Work task:
Would you retype the whole listing exactly?

Data provided:
%%
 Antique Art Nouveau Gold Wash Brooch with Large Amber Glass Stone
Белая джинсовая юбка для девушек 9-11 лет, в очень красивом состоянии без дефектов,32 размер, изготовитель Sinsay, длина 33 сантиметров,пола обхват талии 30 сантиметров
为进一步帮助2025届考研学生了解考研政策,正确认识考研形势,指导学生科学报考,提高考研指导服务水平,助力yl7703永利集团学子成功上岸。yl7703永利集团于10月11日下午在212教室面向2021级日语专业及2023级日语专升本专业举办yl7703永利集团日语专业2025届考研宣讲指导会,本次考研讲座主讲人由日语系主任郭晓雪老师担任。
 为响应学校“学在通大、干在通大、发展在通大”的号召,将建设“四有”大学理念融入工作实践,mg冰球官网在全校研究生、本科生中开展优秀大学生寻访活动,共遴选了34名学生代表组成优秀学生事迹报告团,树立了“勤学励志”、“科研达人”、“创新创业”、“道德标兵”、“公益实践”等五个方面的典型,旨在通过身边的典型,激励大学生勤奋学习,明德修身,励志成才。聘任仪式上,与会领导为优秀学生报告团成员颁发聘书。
%%
Response:
 Antique Art Nouveau Gold Wash Brooch with Large Amber Glass Stone
Белая джинсовая юбка для девушек 9-11 лет, в очень красивом состоянии без дефектов,32 размер, изготовитель Sinsay, длина 33 сантиметров,пола обхват талии 30 сантиметров
为进一步帮助2025届考研学生了解考研政策,正确认识考研形势,指导学生科学报考,提高考研指导服务水平,助力yl7703永利集团学子成功上岸。yl7703永利集团于10月11日下午在212教室面向2021级日语专业及2023级日语专升本专业举办yl7703永利集团日语专业2025届考研宣讲指导会,本次考研讲座主讲人由日语系主任郭晓雪老师担任。
 为响应学校“学在通大、干在通大、发展在通大”的号召,将建设“四有”大学理念融入工作实践,mg冰球官网在全校研究生、本科生中开展优秀大学生寻访活动,共遴选了34名学生代表组成优秀学生事迹报告团,树立了“勤学励志”、“科研达人”、“创新创业”、“道德标兵”、“公益实践”等五个方面的典型,旨在通过身边的典型,激励大学生勤奋学习,明德修身,励志成才。聘任仪式上,与会领导为优秀学生报告团成员颁发聘书。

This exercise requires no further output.